----- Data to use -----

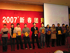 華夏歡唱四海正逢盛世春,瑞雪紛飛九州已兆豐收景”,在“金豬送福”的祝福聲中集團(tuán)各單位員工歡聚一堂,共同回顧2006暢想2007。會(huì)場(chǎng)上歡聲笑語(yǔ),文藝節(jié)目精彩紛呈,抽獎(jiǎng)環(huán)節(jié)激動(dòng)人心。董事長(zhǎng)為在集團(tuán)工作十年以上的老員工頒發(fā)“十年特殊貢獻(xiàn)獎(jiǎng)”,更讓大家體會(huì)到華瑞以人為本的文化特色,體會(huì)到集團(tuán)董事會(huì)對(duì)員工無(wú)微不致地關(guān)懷。
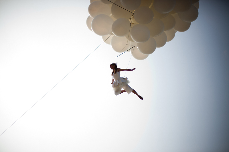 La combinaison de 300 ballons d'hélium blancs, d'un artiste du ciel talentueux et des bâtiments ou de l'architecture urbaine de votre ville peut créer une expérience visuelle impressionnante tout simplement impossible à oublier. Notre danseuse aérienne avec ballons effectuera des mouvements acrobatiques époustouflants tout en étant suspendue à des centaines de ballons d'hélium, ce qui ne manquera pas de captiver l'attention du public et de le laisser bouche bée.
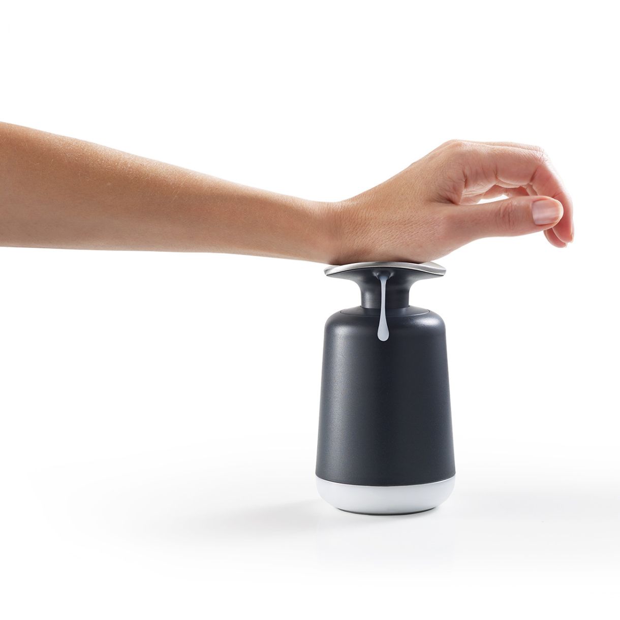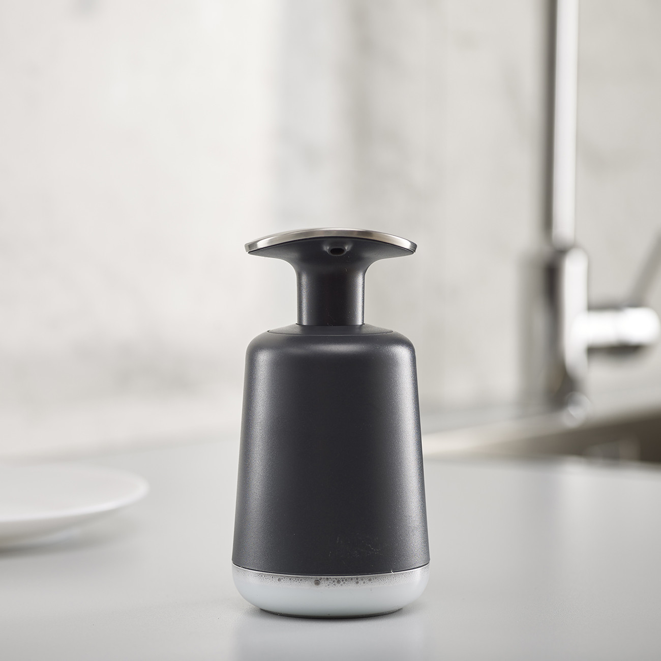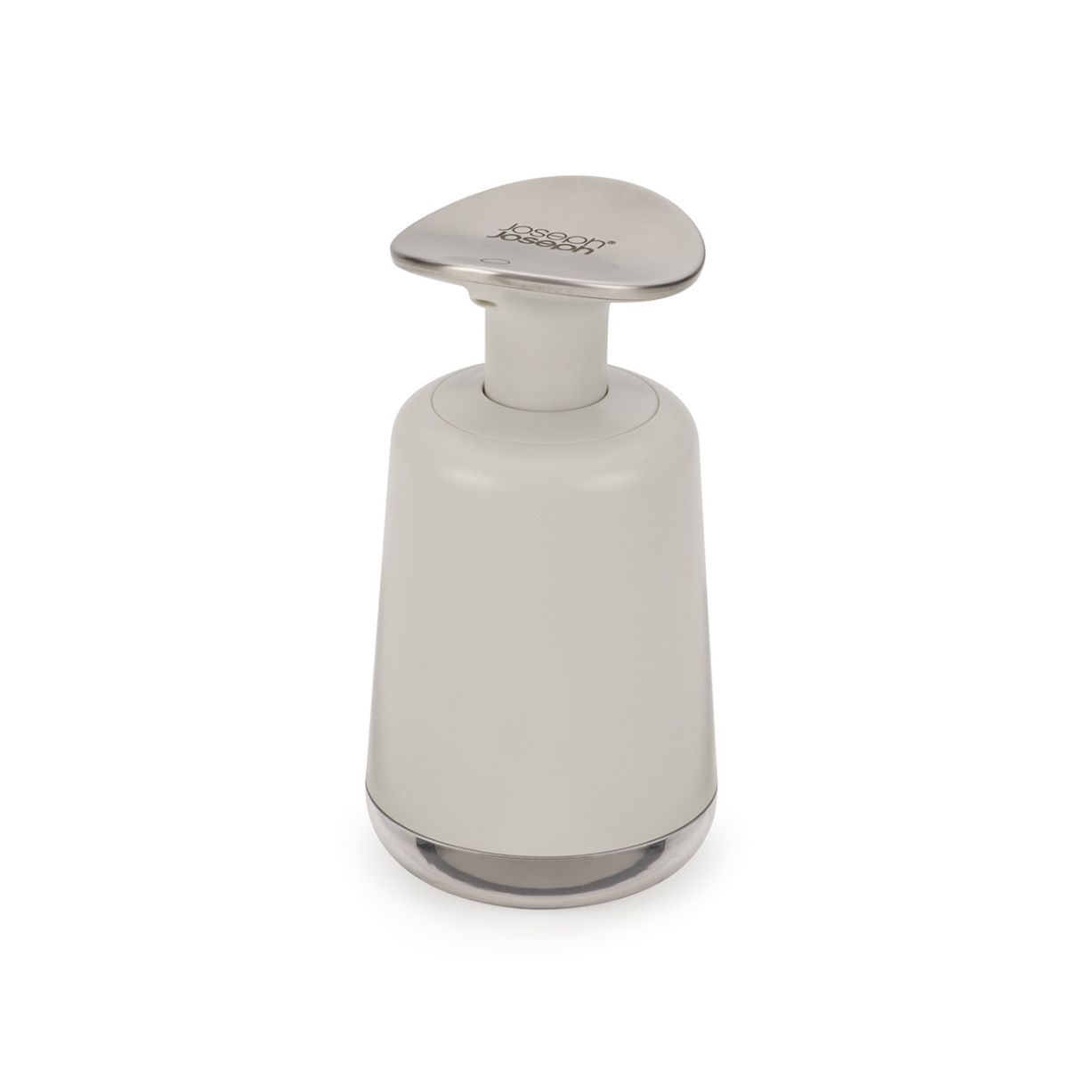 Прозрачен прозорец в основата показва, когато трябва да се напълни отново, а противоплъзгащата основа поддържа дозатора на място по време на употреба.
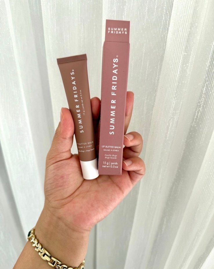 Summer Fridays markasına ait pastel bej renkte dudak parlatıcısı, dudakları nemlendiren ve pürüzsüz bir görünüm sağlayan üründür. Kullanışlı tüp ambalajda ve kutusunda sunulur.
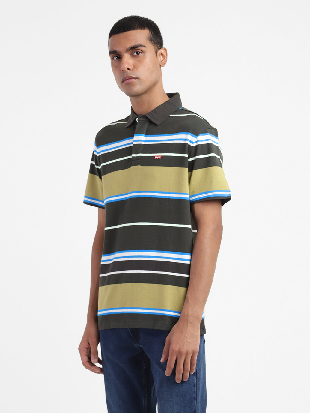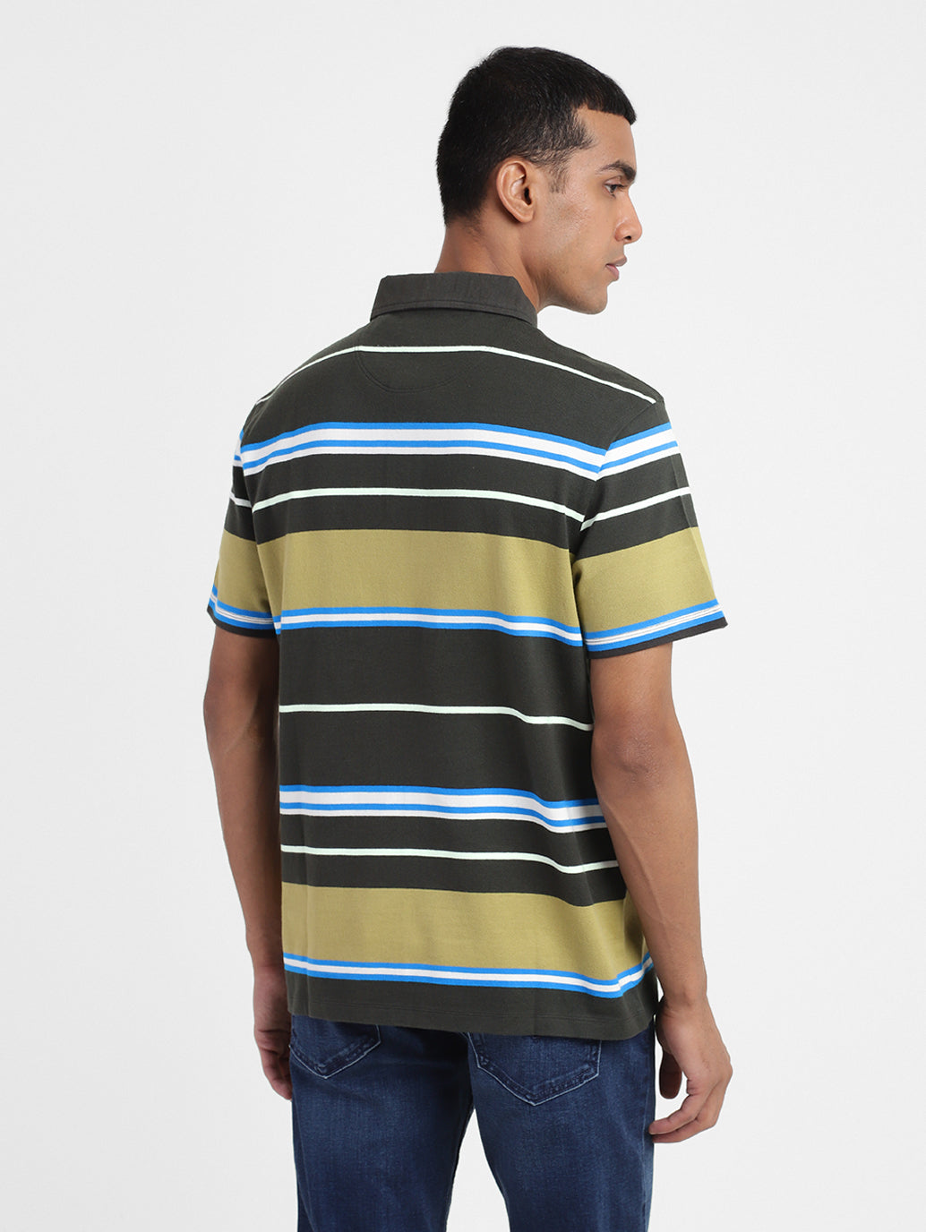 Ideal for a semi-formal look, the trendy Levi's Men's Polo Collar Polo T-Shirt makes for a worthy addition to your collection. Featuring a stripes pattern, this black polo T-shirt is sure to fetch you lots of compliments. Featuring short sleeves, this tee is made from cotton material in a regular fit.
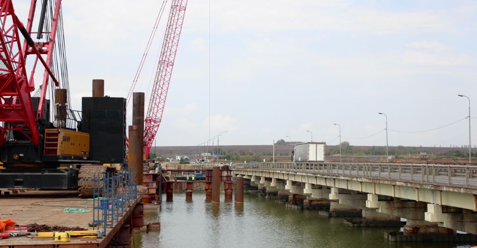 На данном участке уже сформирована строительная площадка, где активно идет возведение временного технологического моста. Это позволяет разместить строительную технику и проводить работы без ограничений движения по существующему искусственному сооружению. Также у берегов реки Миус начато формирование фундамента опор для строительства двух новых полос моста.
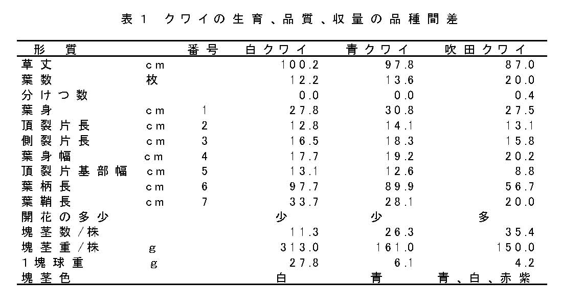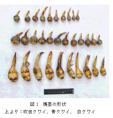 | [要約] | 白クワイの塊茎は大型・扁平であるのに対し、青クワイは丸形、吹田クワイはやや扁平から丸型と形に巾がある。草姿は白クワイが大型、吹田クワイは小型で、青クワイはその中間である。吹田クワイは白クワイや青クワイに比べよく開花・結実する。 |
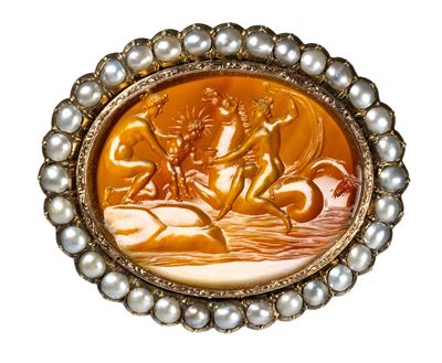 A Fine Neoclassical Carnelian Intaglio Set In A Gold Chiseled Brooch With Pearls. Mythological Sc...
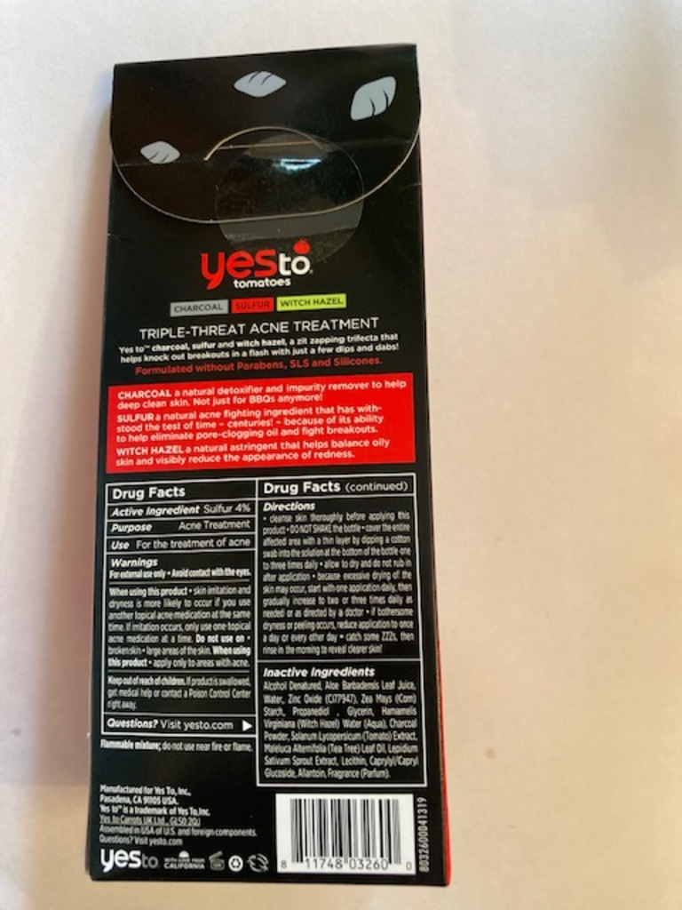 This YesTo Tomatoes Triple Threat Acne Treatment removes and fights blemishes through a super concentrated formula of Charcoal, Sulfur, and Witch Hazel. Allow the formula to work its magic overnight for the most effective zit zapping treatment.
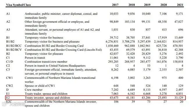 2021财年里,美国总计发放了约279万张非移民签证,比上一财年少了30%,其中美国E-2签证的获批数量是33129张,比上一财年多了近10000张,增长40%。
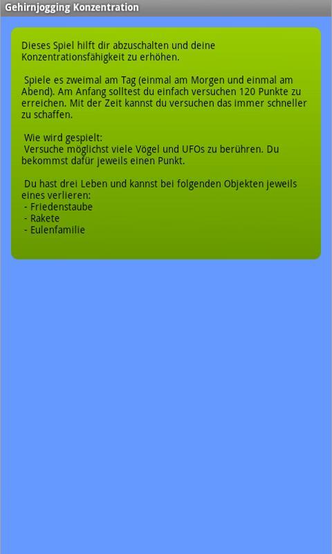 Brain Calisthenics hilft Ihnen, Ihren Geist zu klären und zu trainieren und Ihre Konzentration zu verbessern. Spielen Sie es zweimal am Tag (morgens und am Nachmittag).
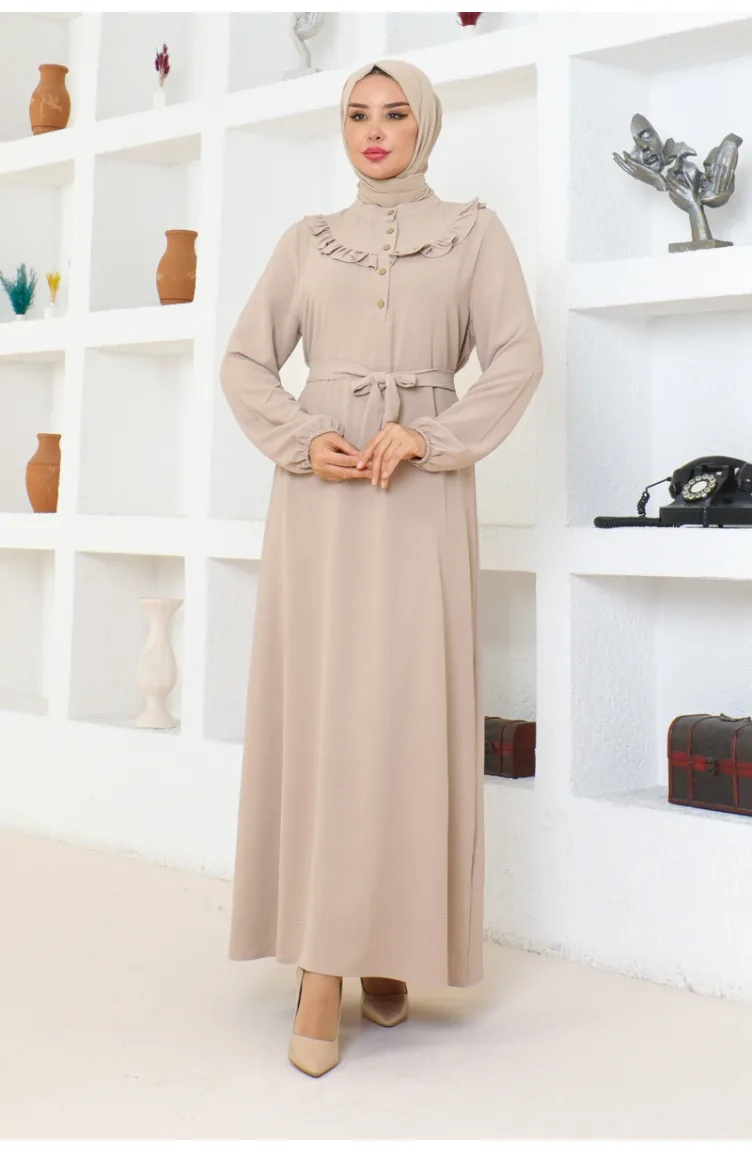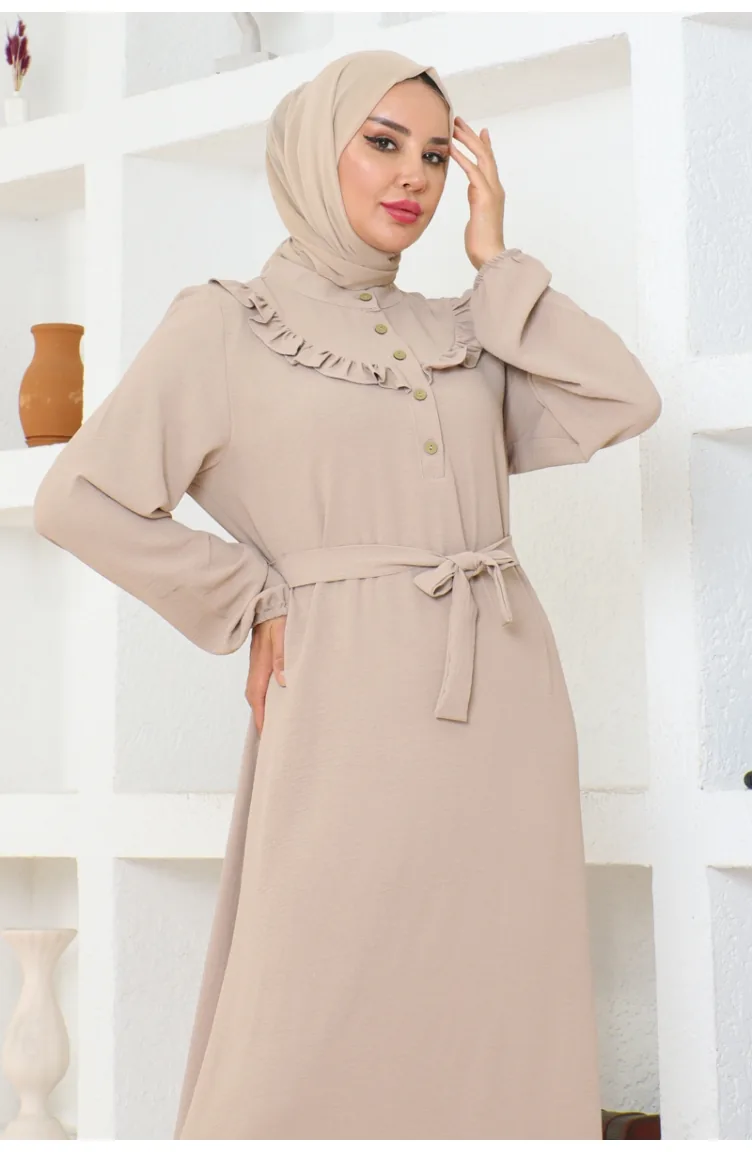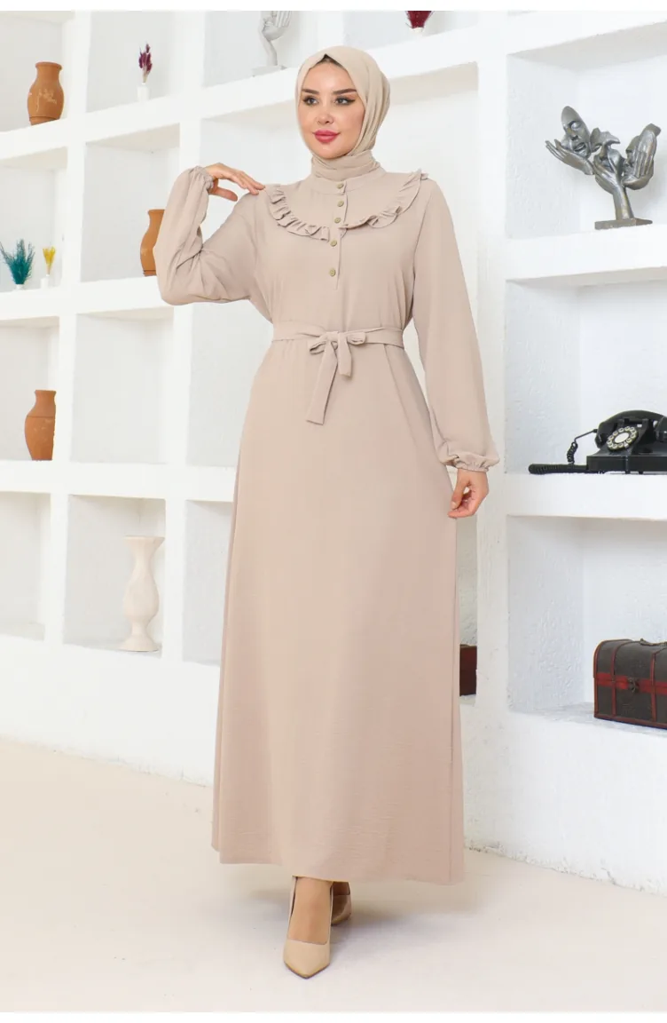 Rose Fırfırlı Aerobin Elbise 0072-04 Vizon

-----

## Problem details
Each line between the one holding "A Fine Neoclassical" and the one holding "This YesTo Tomatoes", inclusive, should be copied exactly as it appears above, and pictures should be omitted.

## Answer to the exercise
 A Fine Neoclassical Carnelian Intaglio Set In A Gold Chiseled Brooch With Pearls. Mythological Sc...
 This YesTo Tomatoes Triple Threat Acne Treatment removes and fights blemishes through a super concentrated formula of Charcoal, Sulfur, and Witch Hazel. Allow the formula to work its magic overnight for the most effective zit zapping treatment.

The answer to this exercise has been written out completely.